Leaf Box is a range extender controlling load applied to engine via throttle control. Adobe br download. No problems with warranty - undetectable by dealer. It is easy to install, as it uses factory plugs. It delivers following extensions to standard Nissan Leaf:
Thus, the provider leaf will learn 192.168.1.1 through the service node leaf VTEP IP, even though 192.168.1.1 is actually under a different leaf. If you disable data-plane learning on Svc-internal-BD, the bridge domain for the provider side of PBR node, the provider leaf doesn't learn 192.168.1.1 through the traffic from the PBR node. A forklift (also called lift truck, jitney, fork truck, fork hoist, and forklift truck) is a powered industrial truck used to lift and move materials over short distances. The forklift was developed in the early 20th century by various companies, including Clark, which made transmissions, and Yale & Towne Manufacturing, which made hois. 1991 5 Leaf Click to see substitution Items: Not In Stock (List Price 228.73) C186 Reed Kit Johnson/Evinrude V8 6 Petal. Johnson/Evinrude V4 V6 Cross Ref #: 317739 Mfg Part #: 317739 In Stock (List Price 15.99) 479 Gasket, Leaf Plate Johnson/Evinrude 25/35hp 2 Cyl. Results driven IT services for the modern business. Managed Services, IT Support, Cyber Security, Disaster Recovery, Cloud Solutions, Hybrid Cloud. Coronavirus communication – LEAF. Hybrid Cloud: What it can do for you. 10 Ways to Prevent Cyber Attacks. Webinar – SharePoint and OneDrive for Business.
- range extender – it bases on adding „N-mode on demand' (aka glide mode) to D-mode, along with alternative torque delivery strategy (read below). Range extension is around 10% (ECO mode, 24kWh/30kWh battery). With normal mode, Leaf Box is off.
- mimic of some functions of 'e-pedal' from new Nissan Leaf 2018 is possible.
- the regenerative force at D mode can be increased by about 20% (from 20kW to 24kW). If you have the version of Nissan Leaf with B mode - lucky you. But I can have B-mode even in the basic version of Leaf.
- max power of Leaf can be increased from 80kW to 83kW (option).
- works also for e-NV200
Alternative accelerator pedal interpretation for efficiency
Until now all Leafs have simple 'accelerator pedal (acc) position → power' transition. The position of an accelerator pedal is converted to power demand. This we can see at energy usage panel in the car, but I have verified that also with a chassis dyno.

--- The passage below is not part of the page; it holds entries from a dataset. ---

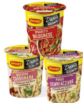
DANIE WINIARY 50 / 53 / 61 g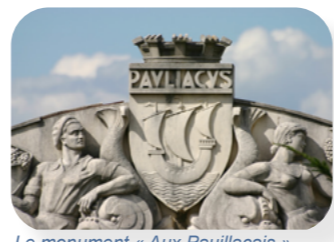
Le monument « Aux Pauillacais »

Si tu cherches bien, tu dois trouver le monument ci-dessous en photo.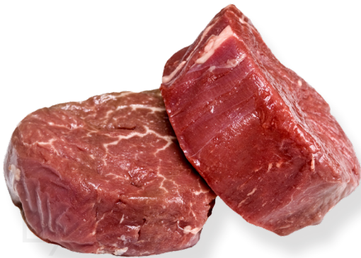
ref. 0009 FILET DE VEDELLA +2,7kg.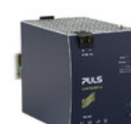
XT40.481 PULS DIN RAIL PWR SUPPLY 960W 48V 20A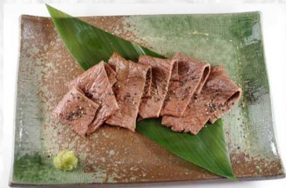
山形牛の炙り焼き 1,650円 (税抜 1,528円)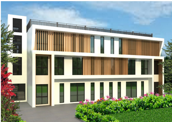
センター完成イメージ図

今回の寄贈は、ミャンマーにおける高齢者介護の人材開発とその発展を目的に2017年より進められている、京進とミャンマー社会福祉省との共同事業の更なる拡大のための増設として決定されました。開設される介護研修センターは当面、これまでも現地で介護や日本語教育を行ってきた京進 JETC が運営し、介護技能実習・特定技能を念頭に置いた研修やプログラムを実施していきます。京進 JETC からは、これまでも100人以上の介護分野の技能実習生や留学生在が育っています。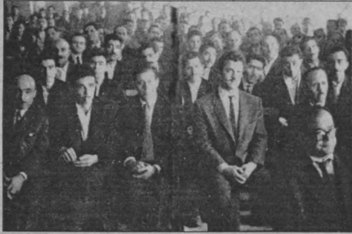
Türk-İş'in yeni kurulduğu dönemde yapılan bir toplantı.

Bu rolüne rağmen "... mutlaka yığınların olduğu yerde çalışmak gerekir. Asıl kurumlarda, derneklerde, örgütlerde, proleter ya da yarı proleter yığınların bulunduğu her yerde (bunlar, en gerici eğilimlerde olsalar bile) metodlu, azimli, inatçı ve sabırlı bir bilinçlendirme çabası ile bütün fedakarlıkları göze almak, en büyük engelleri göğüslemeyi bilmek gerekir" (Lenin) ■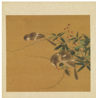
五代十国 黄筌 《长春花鸟册》（其一）

黄筌注重构图的和谐与生动，其作品饱满而充满活力，彰显出一种雍容华贵的气质，如《长春花鸟册》中收录的大部分作品。从他的作品中，我们可以看出他对绘画的严谨态度，画面工整细致，非常注重构图的完整性与和谐性 [8] 。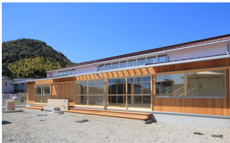
2P) 幅3.6m、長さ30mの縁側テラス。明るく温かいこの場所はみんなのお気に入り。ご飯を食べたり遊んだり、天気に関係なく使えて便利な空間。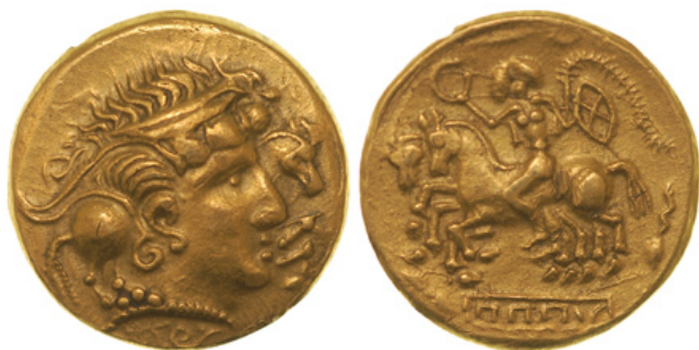
Figure 5 : hémistatère « à la cavalière armée » (BnF 10303A - Paris)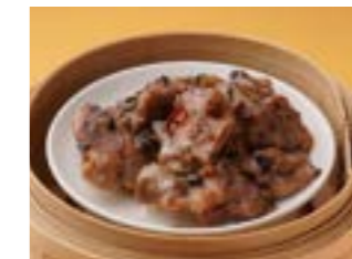
299 豚スペアリブの黒豆ソース蒸し ¥980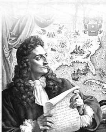
GRAVURE DE CAVELIER PAR JULES ADELINE CONSERVÉE À LA BIBLIOTHÈQUE DE ROUEN

région de Kingston au Canada). Il poursuit ainsi son commerce de pelleterie avec les Iroquois. En 1678, Louis XIV le félicite et l'encourage à nouveau. Il peut continuer ses découvertes... mais à ses frais ! Il lui accorde cependant le monopole des peaux de cibola, c'est-à-dire de bisons mais surtout son grand projet va pouvoir être mis à exécution.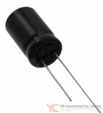
Image may be representation. See specs for product details.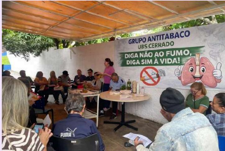
UBS CERRADO início da terceira edição do grupo antitabaco com 25 participantes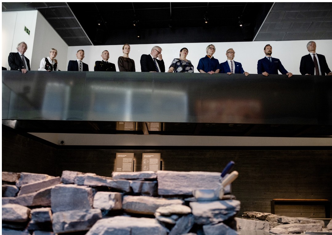
Figur 2. Utstillingsåpning mai 2019. Med bl.a. HKH Kronprins Haakon og daværende klima- og miljøminister Ola Elvestuen. Foto: Marthe Amanda Vannebo. ©Adresseavisen. Gjengitt med tillatelse fra Adresseavisen.

variant av Olav Haraldssons Klemenskirke som man mener er mer i samsvar de arkeologiske resultatene, versjon 2.0.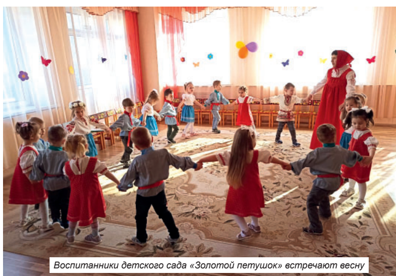
Воспитанники детского сада «Золотой петушок» встречают весну

В дошкольном возрасте необходимо приобщать детей к культуре

This method suffers from two negative effects:
- Acceleration of the car is not stable at all. The car first speeds up better, then falls down with acceleration – as acceleration simply depends on torque, and because car has almost constant power for any rpm and any desired acc pedal position – it is logical that torque MUST go down (see graph – thin lines in the big graph – torque of car (=acceleration) for various acc pedal positions (verified with dyno).
- Some parts of our acceleration are not crossing optimal motor efficiency (red and orange areas). In some areas it is impossible, but of course, everything can be optimized.
Conclusion:
I have prepared an alternative power demand curve (presented as the bold line in the small graph vs. thin line with same colour – factory) that promotes two things: more constant acceleration and more efficiency.
Constant acceleration is, in my humble opinion, something perfect for our Leafs. I have been driving for few days with this setup – it is so nice that now when I press the pedal to some position – acceleration is much more stable. There is no rapid power demand, and power demand changes in time (as the power is now not constant, but rather torque is more constant). This is visible on the power usage panel.
Remaining more in the optimal efficiency area – this is a 'side effect', as we have 'constant torque' strategy instead of 'constant power' strategy. I cannot say whether or not this will extend the range (or maybe a bit) because I haven't tried this on my test route.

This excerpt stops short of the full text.